Cameroon Police and Army block anti-government protests

There has been heavy deployment of security forces across major cities in the English-speaking areas of Cameroon on Sunday in an attempt to block planned anti-government protests.

Lat Friday authorities in Cameroon banned public meetings and gatherings in the Anglophone part of the country as demands for independence continues.

Officials have said allowing for such protests for independence will threaten the unity of Cameroon which is largely a Francophone country.

Supporters of the independence struggle have planned to hold rallies on Sunday which happens to be the day Cameroon’s unification was secured 56 years ago.

But Reuters reported that businesses were shuttered in the regions’ main cities, Buea and Bamenda, where military helicopters circled overhead.

A resident of Buea, one of the English speaking communities told Reuters that “I now know that the Biya regime has been raising an army all these years to fight its own people.”

“We are simply fighting for our rights but the military, which is supposed to protect lives and property, has turned into our greatest nightmare,” she is quoted as saying.

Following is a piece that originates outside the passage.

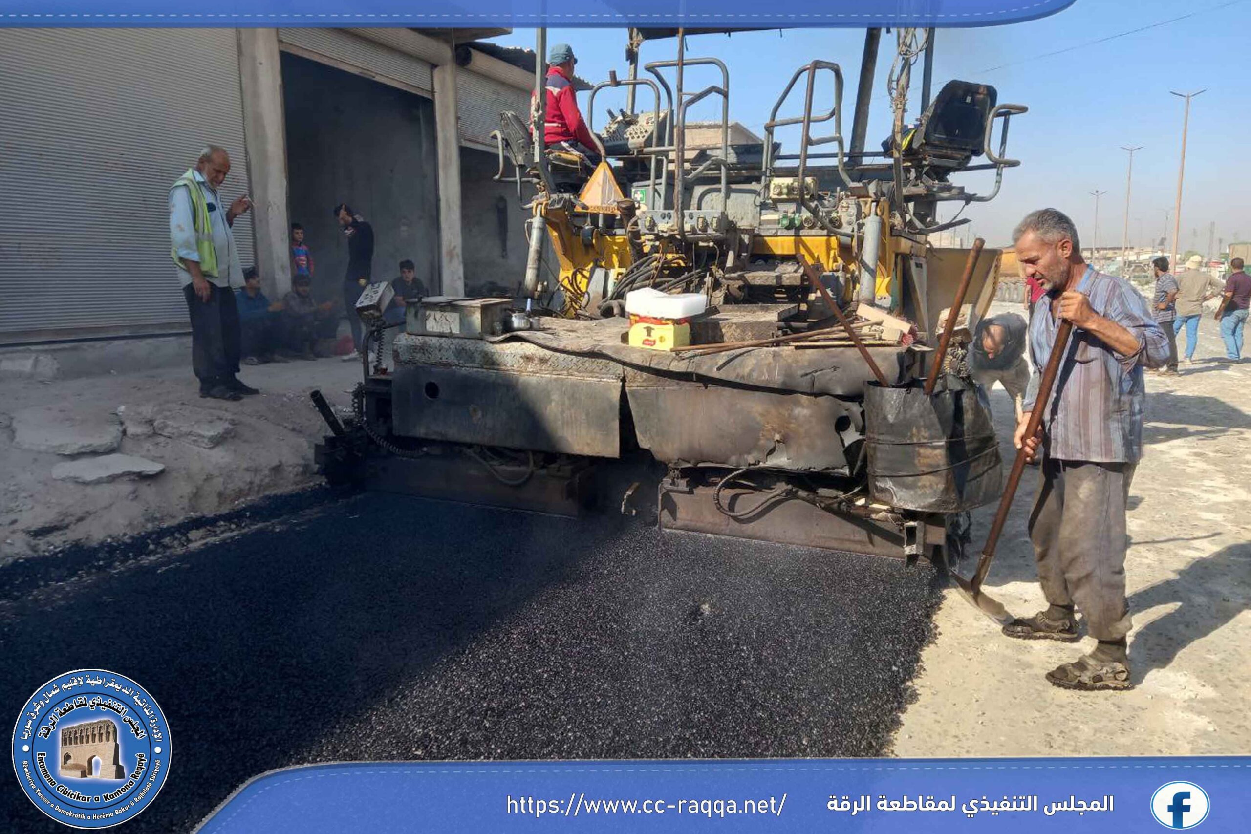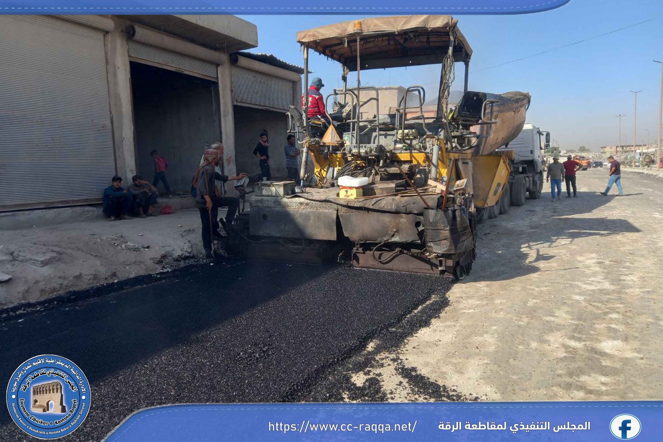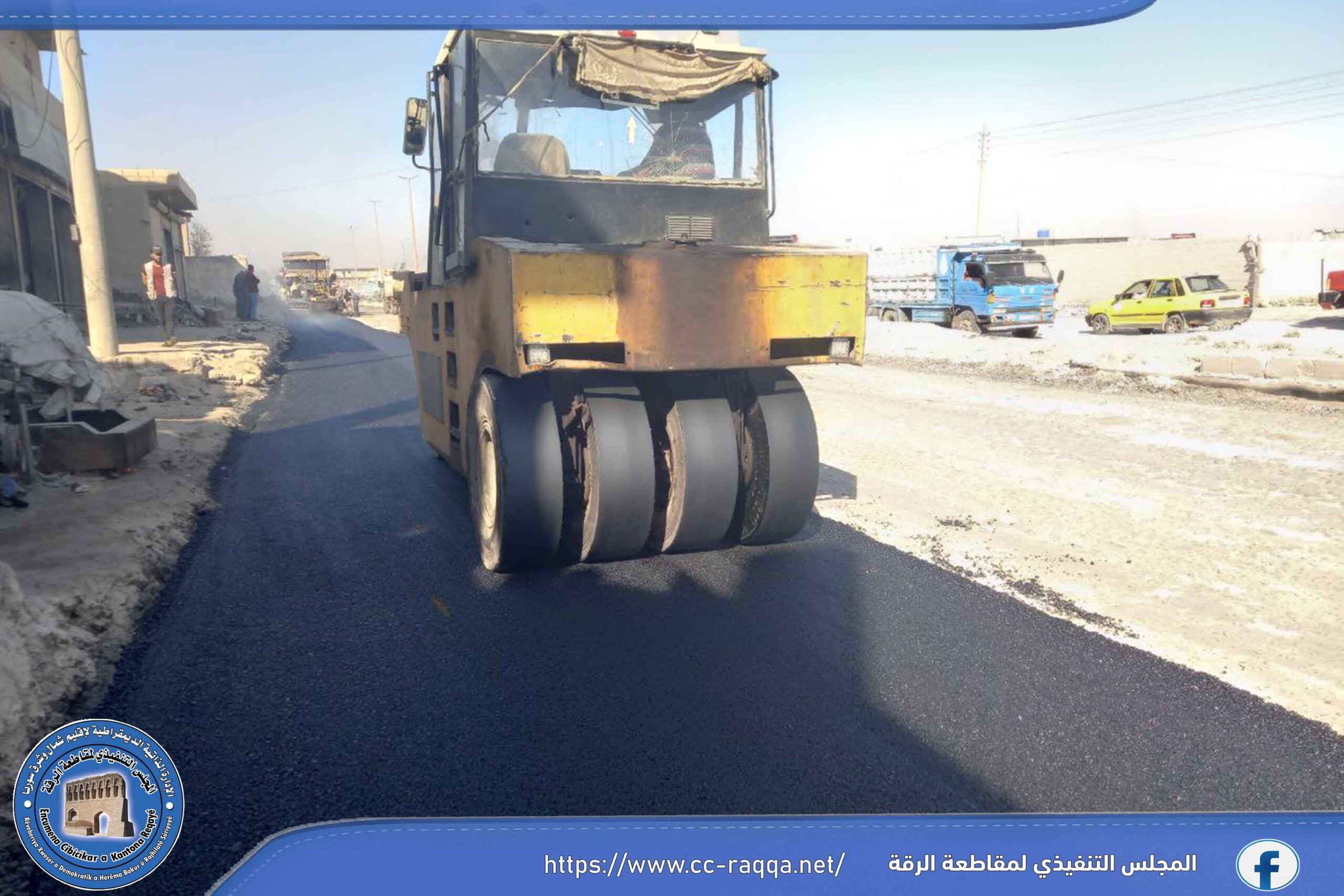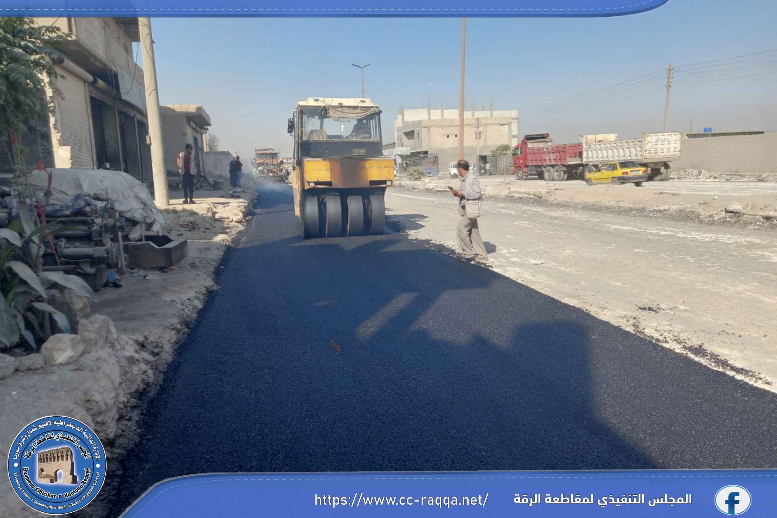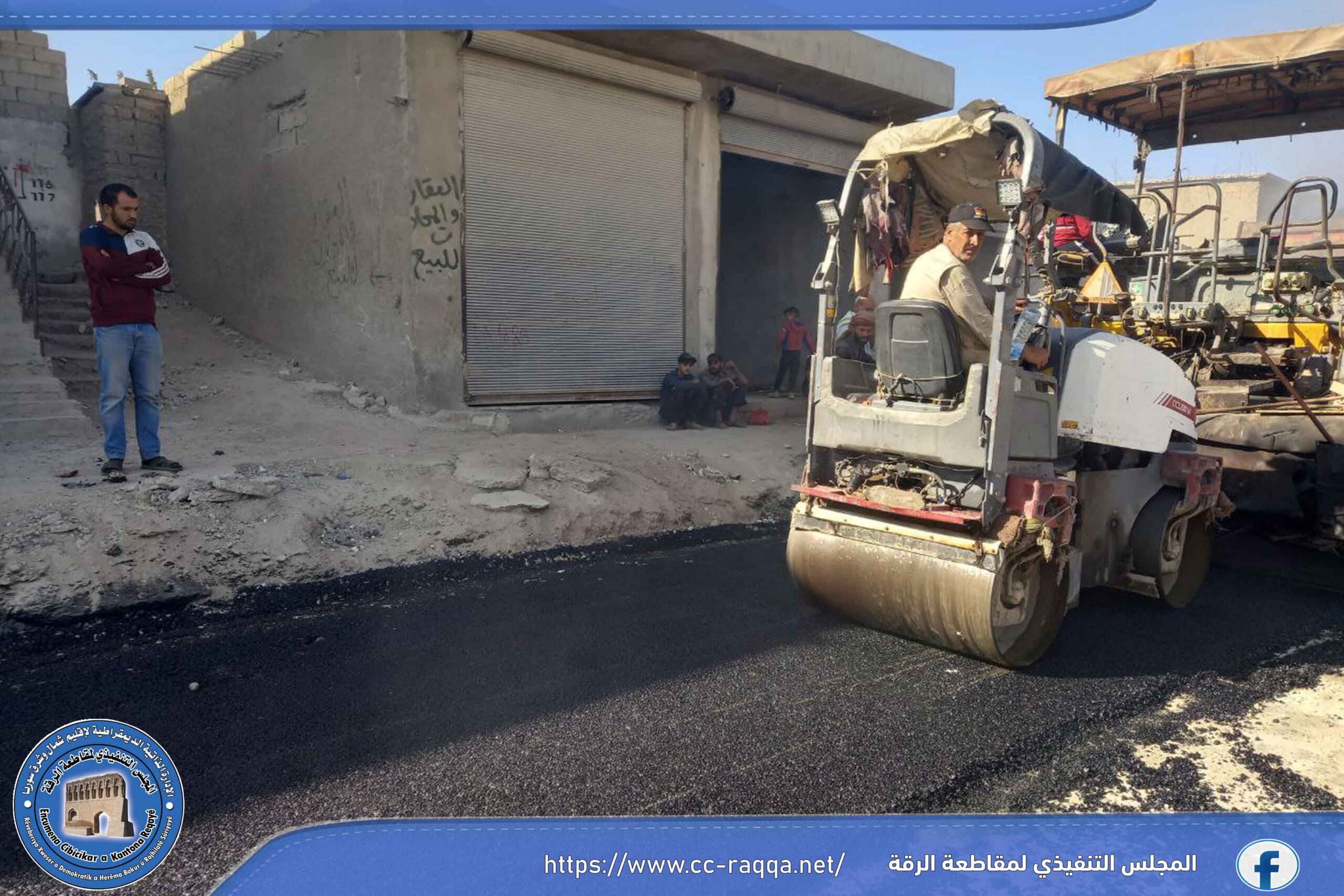 تستمر الورش التابعة لبلدية الشعب في الرقة، بالعمل على تعبيد وإصلاح الكورنيش الشمالي لحي المشلب، والممتد من مفرق سوق الحديد حتى طريق دير الزور، بطول 2 كم ذهاباً و2 كم إياباً وعرض 12 متر لكل اتجاه، ولذلك عن طريق مد طبقة من مادة المجبول الإسفلتي بسماكة 14 سم على مرحلتين.

Cameroon’s Communications Minister Issa Tchiroma Bakary told Reuters on Sunday that “The media must not encourage those who advocate division, who want to destroy and destabilise our country,” as he signals the government’s resolve to shut down media houses that give voices to pro-independence activists.

Map of Cameroon

Those living in the English speaking areas in Cameroon have accused the Francophone majority of discrimination.

Their concerns ranges from not getting jobs opportunities and having legal systems in French language imposed on them.

Those claims have been rejected by the government. There has been a crackdown on such dissents as well in the pats months.

Cameroon was colonised by Germany but was split into British and French areas after World War One.